Aşağıda aynı fabrikada çalışan bir anne-kız İMD’linin
yazdıklarını yayınlıyoruz:
Ben
fabrika işinde çalışan bir kadın işçiyim. Bu işyerinde çalışmaya başlayalı
tamı tamına 2 yıl 2 ay 15 gün oldu. Bu fabrika bana çok şey gösterdi. Ne olursa
olsun kopmadığın arkadaşlarının olduğunu, işçi-patron farkını gösterdi.
Patronların hep yüksekte durmak istediğini, bizi hep küçük gördüklerini
gösterdi. En önemlisi biz olmadan hiçbir şey yapamadıklarını, ama yapıyormuş
gibi davrandıklarını gösterdi.
Bazen
öyle bir konuşuyorlar ki, sanki bizden birisi gibi. Bazen de diğer yüzlerini
gösterip, bizim gibi sokakta çok işçi olduğunu hatırlatıp “Çalışırsanız
çalışırsınız! Mesaiye gelmezseniz bir daha hiç gelmeyin!” diyorlar. Bu beni
üzüyor, fakat yıldırmıyor.
Kendim ve
işçi arkadaşlarım adına istiyorum ki, patronlar dünyanın en değerli
insanlarının işçiler olduğunu anlasınlar. Ve biz olmadan kendilerinin bir hiç
olduğunu görsünler.
* * *
Ben yedi
yıldır fabrikada çalışan bir kadın işçiyim. Buraya ilk girdiğimde en güzel
işyeri burası sanırdım, çünkü ilk işimdi. Hâlâ daha aynı yerde çalışıyorum.
İlk 5 yıl
havalandırma yoktu. Son iki yılda yapıldı havalandırma. İşçi sayısı hiç 180’in
altına inmedi. Sabah akşam çay paydosumuz yok. Öğle arası sadece bir yarım
saatte yemek ihtiyacımızı giderebiliyoruz. Ve on iki buçuk saat çalışmaktayız.
Sabah sekizden akşam sekiz buçuğa kadar. Saat altıda tost veriliyor bazen.

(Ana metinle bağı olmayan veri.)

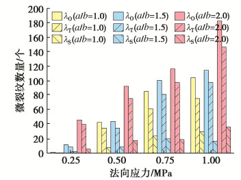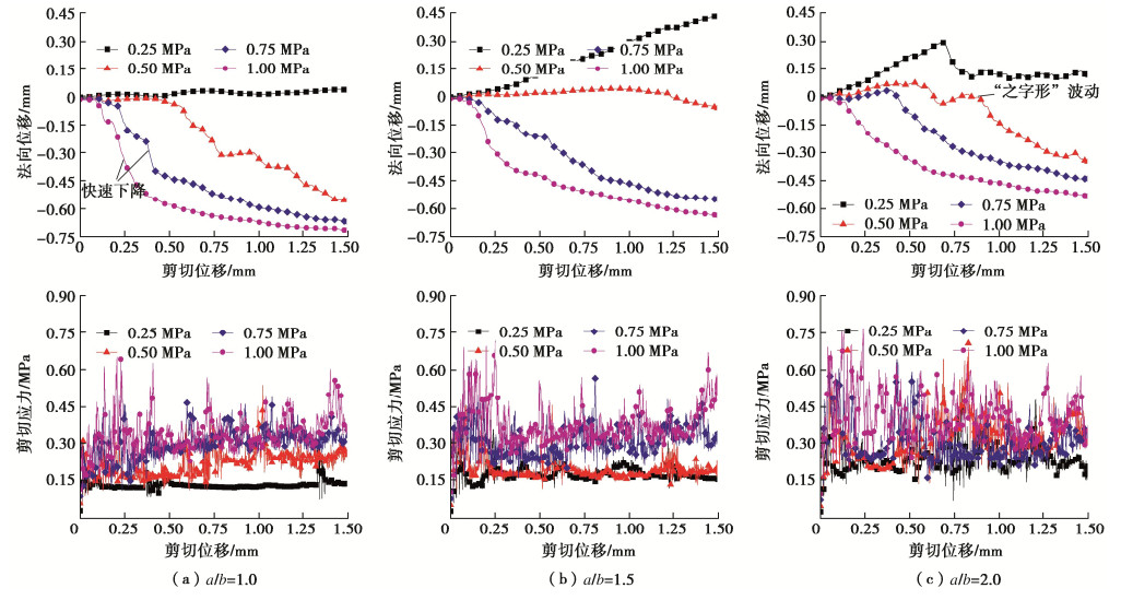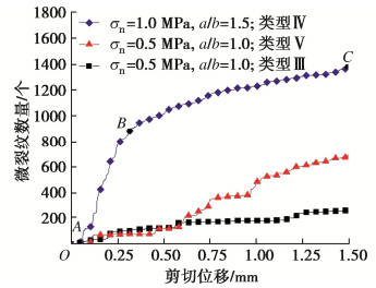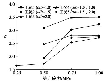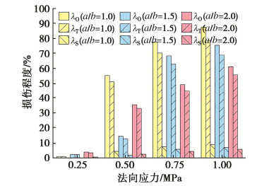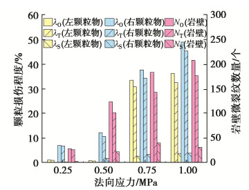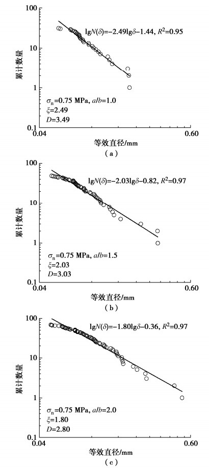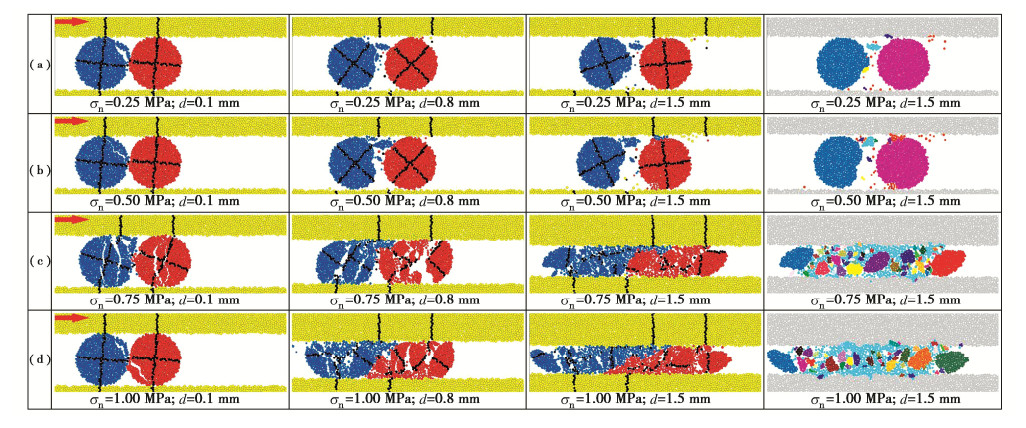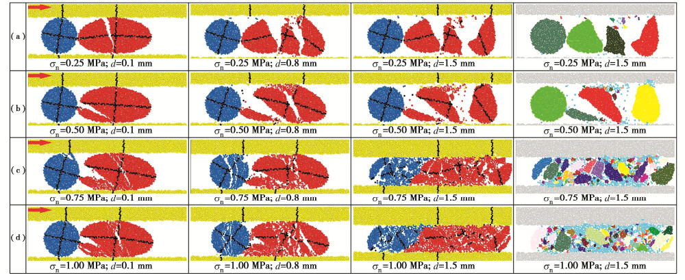 • 摘要: 采用PFC研究不同法向应力下颗粒充填岩石不连续面的剪切力学性质,重点关注颗粒形状(以长、短半轴长比a/b表示)和组合方式的影响。结果表明:①单颗粒的剪切运移和破坏可归纳为滚动、滚动-滑动、压碎-滚动运移和碾碎、滚动-压碎破坏5类,取决于法向应力和颗粒形状,不同破坏类型下微裂纹演化特征明显不同;颗粒的破碎程度整体随法向应力的增加而增加,随a/b的增加而降低,不连续面壁磨损程度随法向应力和a/b的增加而增加;张拉裂纹是引起颗粒及不连续壁面破坏的主要原因;颗粒破碎后形成的碎屑混合物的尺寸分布可用幂指数(或分形维数)D表征,D越小,颗粒破碎程度越低。②充填同种形状的双颗粒时,颗粒及不连续面壁表面的细观粗糙度是造成剪切力学性质差异的主要原因;充填不同形状的双颗粒时,a/b较大的颗粒承担了更多的压剪荷载,破碎程度更高;颗粒间的摩擦也对其表面磨损及剪切运移破坏过程产生重要影响。③不连续面的平均摩擦强度与充填碎屑混合物的尺寸分布密切相关,a/b增大或法向应力减小导致生成的较大角砾状碎块数量增加,进而引起总体摩擦强度增加。提出了估算颗粒充填不连续面平均摩擦强度的经验关系式,并通过文献中的数据对该公式进行了初步验证。

Tostumuzu da hiç durmadan çalışarak yemek zorunda kalıyoruz. Çünkü ya patron ya
da müdür tost dağıtıldıktan sonra üretim alanını dolaşmaya başlar. On iki buçuk
saat boyunca ancak iki defa tuvalete gidebiliyoruz. 3 kez gittiğimizde ise laf
ediliyor!
Size bir
kadın işçi ve anne olarak çalıştığım işyerinde gördüklerimi anlattım.